To establish whether an infringement of a patent has taken place the patent owner must prove that the following has occurred: the infringer has carried out a prohibited act (i.e. made, used, sold or imported a patented product, or has used a patented process, or has made, used or sold a product made directly from a patented process); that the prohibited act has taken place in the country where the patent has been granted; that the prohibited act has occurred after publication of a granted patent; that the prohibited act falls within the scope of at least one claim of the granted patent.  An infringement search is designed to ascertain all of the above and will result in a search of the patent database applicable to a particular product or process. 

A patent infringement search should be conducted by any individual or company wishing to export products overseas or before entering into any agreement to supply goods overseas. Patents are restricted by territory so you may be free to export to some countries in which no patent protection is in place, but not to other countries where a granted patent is in force. 

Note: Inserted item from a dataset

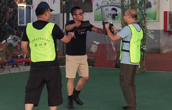 培训现场气氛热烈,老师们认真聆听,不少老师全程拍照记录,生怕遗漏了什么。市幼儿园纪慧老师说:“本次开展的安全教育实训活动,感触最深的一点是以往学校培训基本是以讲座和授课为主,虽然也有实践操作,但受条件和场地的限制,老师们的实践操作更像是‘表演’。这次培训我们以分组对抗的形式进行,学员之间既是伙伴,也是竞争对手。实训不再是走过场,是让老师们尽情发挥,是‘真实践’,那些演练的要点和规范经过全程实践终身不会忘记,就像郭教官说的那样,将‘应急行动规则的记忆转化为肌肉记忆。’”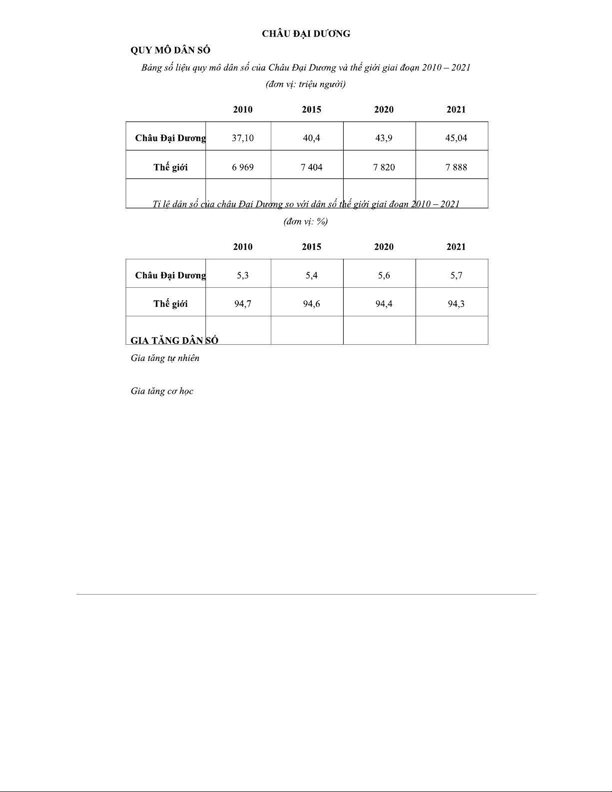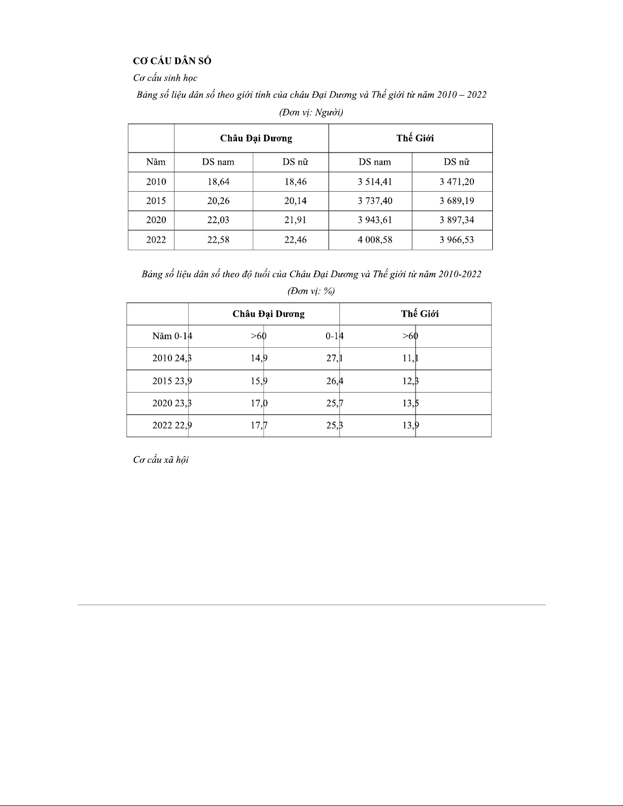 PHÂN TÍCH DÂN SỐ CHÂU ĐẠI DƯƠNG GIAI ĐOẠN 2010 – 2022

An infringement search is less involved than a due diligence or patentability search, as it is restricted only to existing patents that remain in force and which have not lapsed or expired. An infringement search will generally only involve a search of patent databases covering the last 20 years or so.  Another useful and important aspect of an infringement search is that it will reveal those patents that are likely to be infringed and therefore provide an opportunity to design around them or to make subtle improvements on them. It is not uncommon for competitors of existing patent holders to avoid infringement by making similar products not covered by the patent claims.

Freedom to Operate Search

A freedom to operate search invariably involves a narrow subject area search and can be limited to perhaps three or four key words, one or two patent classes and one or two applicants or inventors. This search will ask questions about a specific, clearly defined product or process about which much is already known. Similar to a patent infringement search the main purpose of the search is to determine whether known technology is free to use. That is: is the technology covered by a patent? If so, where is it covered? and is that patent still in force?

Document Status Search

This type of search is often commissioned by companies wishing to make, use, import or sell generic goods, usually pharmaceuticals or base chemicals into a specific jurisdiction. It is similar to a freedom to operate search, although in most cases it is more specific.  For example, the patent is usually known, or specific subject matter such as the compound name is known. The search is often jurisdiction (country) dependent and will invariably be run several times over a number of years often as a watching service. This type of search will look at a specific compound or patent number, equivalent patents filed around the world and their present status.

Product / Process Specifications Search

This search type is probably the narrowest of all of the searching types and may be commissioned by a company wishing to find out more about a specific technology. It is often used to answer a specific technology problem, the solution to which may be found in a single patent. Such a search can often lead to a license or cross license between like-minded companies.